News & Articles Types of Home Loan Insurance in Malaysia

Types of Home Loan Insurance in Malaysia


7 Sep 2015
Types of Home Loan Insurance in Malaysia
Home Loan insurance, also known as Mortgage Life Insurance, is a type of insurance that you can buy once you take a housing loan. Basically this insurance will pay the remainder of your housing loan to the bank in the unfortunate case that something happens to you and you are unable to work and earn money. Examples of these are instances of death or total permanent disability.

Housing loans are very long term commitments and therefore there is a need to provide some form of protection for the banks. This also helps to ease the financial burden on your family or loved ones in the case of unfortunate incidences.

There are currently two types of Mortgage Life Insurance available to home buyers, the first is called Mortgage Reducing Term Assurance (MRTA) or Mortgage Decreasing Term Assurance (MDTA) . It has the following features:

1. The amount insured decreases as time goes along.
2. MRTA is paid in one lump sum at the beginning when you take a home loan.
3. It is then incorporated together into the monthly home loan repayment
4. If you successfully pay your home loan, the amount insured becomes zero and the insurance ceases to exist.
5. MRTAs are non-transferrable
6. It charges a low premium
7. In the case of a claim, the insurer will pay the bank whatever is left on your housing loan and you or your inheritors will get full home ownership.

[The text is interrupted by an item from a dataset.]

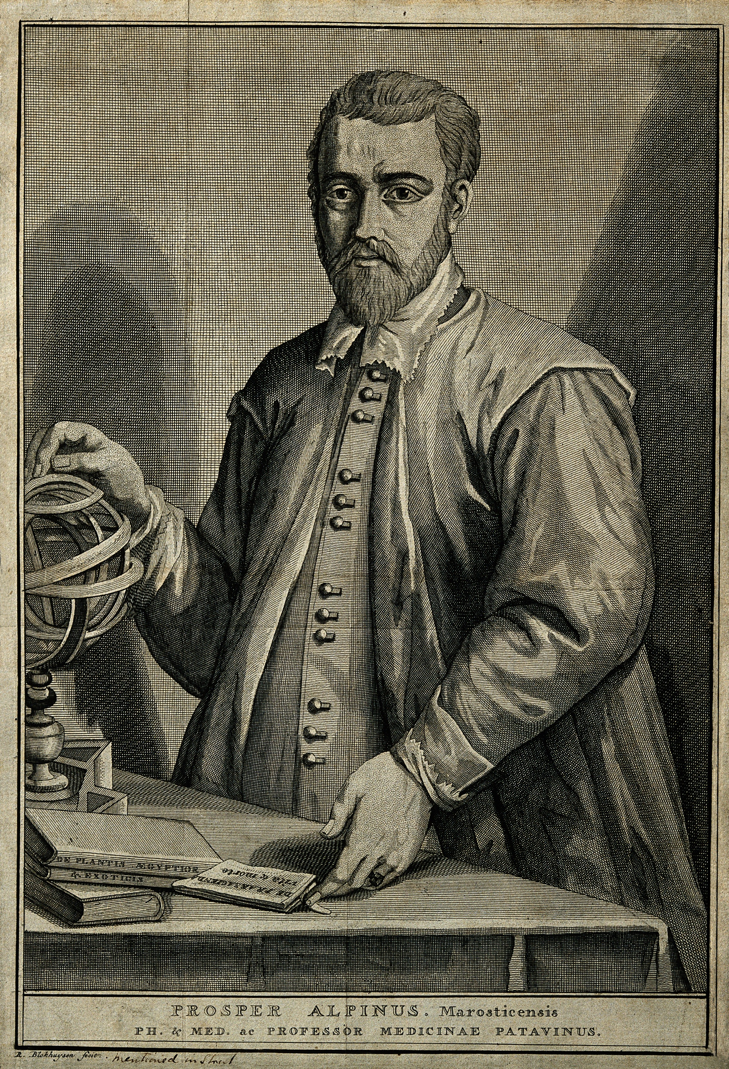 Prospero Alpino. Engraving by R. Blokhuysen. Iconographic Collections Keywords: intaglio prints; portrait prints; alpinus, prosper, 1553-1617; Prosper Alpinus
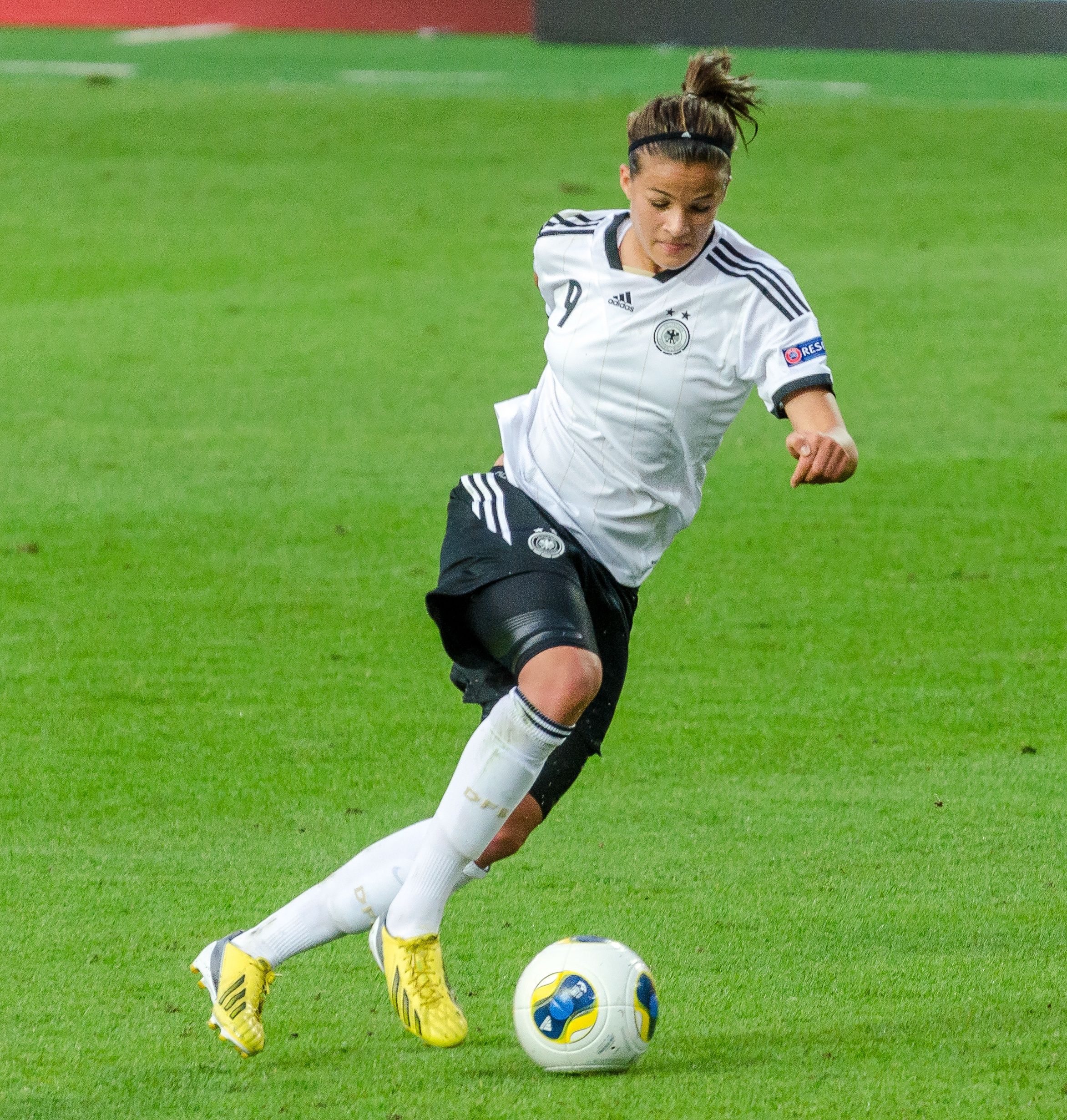 German attacker Lena Lotzen playing in the German Women's National Team's first game of UEFA Women's Euro 2013, 0-0 against the Netherlands in Växjö.

The second type of insurance is known as the Mortgage Level Term Assurance (MLTA) which is basically the same as an MRTA/MDTA but has an added advantage of being also a savings scheme. It incorporates elements of savings and premium returns. In essence, here are the features of an MLTA:

1. Apart from just basic protection, there is cash returns.
2. It is transferrable
3. Premiums are higher than MRTA/MDTA
4. Premiums to be paid periodically, every month or every half a year
5. Beneficiary is the bank and your family/inheritors
6. The amount insured is a fixed value and not dependant on time
7. Usually premiums paid separately from loan repayment
8. In the event of a claim, insurance company will pay the loan balance and your next-of-kin will inherit the house plus some cash savings.

The amount of insurance premiums you need to pay for both of the insurance depends on factors like your age, whether you have illnesses, loan amount, loan repayment period and others. Put simply, you buy the MRTA if you only need basic coverage and have other insurance programmes like health insurance or life insurance

However, if you want extra returns for your inheritors, consider the MLTA as it gives extra cash to your family, especially if something happens when your spouse is not working or your children are still young.

In any case, being covered by insurance is extremely important so that you don’t leave behind a mountain of debts for your loved ones.